Entre as mulheres mais
brilhantes da história está a inglesa Ada Augusta King, mundialmente famosa
como Ada Lovelace (10/12/1815-27/11/1852). Ela nasceu em Londres e era filha de
Anne Isabella Milbanke Byron, conhecida como Anabella (1792-1860) e do grande
poeta George Gordon Byron, conhecido como Lord Byron (22/01/1788 – 19/04/1824).
Anabella e Lord Byron se
separaram um mês depois do nascimento de Ada. Lord Byron que tinha tido uma
filha ilegítima (Elizabeth Medora Leigh 15/04/1814 – 28/08/1849) com sua meia
irmã pouco antes de casar com Anabella, teve, após a separação, um rápido caso
com Claire Clairmont, que era meia irmã de Mary Shelley e desta curta relação
amorosa, nasceu Clara Allegra Byron (12/01/1817 – 20/04/1822).

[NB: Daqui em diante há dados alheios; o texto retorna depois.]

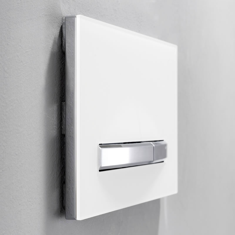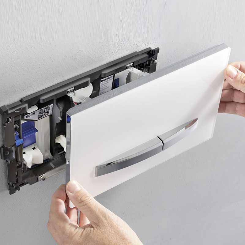 Zur Spülauslösung bei Geberit Sigma UP-Spülkästen, Betätigung von vorne, Drückerstangen schallgedämmt, werkzeuglose Schnelleinstellung

Em abril de
1816, Lord Byron deixou a Inglaterra e nunca mais voltou, pois morreu, em 1824,
em Mesolóngi, na Grécia, lutando ao lado dos gregos contra o Império Otomano.
Em junho de 1816, quando Ada Lovelace estava com 6 meses de vida, houve o
famoso encontro entre Lord Byron, e o casal Percy e Mary Shelley, em Genebra,
onde foi concebido, a partir de uma sugestão de Byron, o livro “Frankenstein,
ou o moderno Prometeu”, obra-prima da literatura científica mundial.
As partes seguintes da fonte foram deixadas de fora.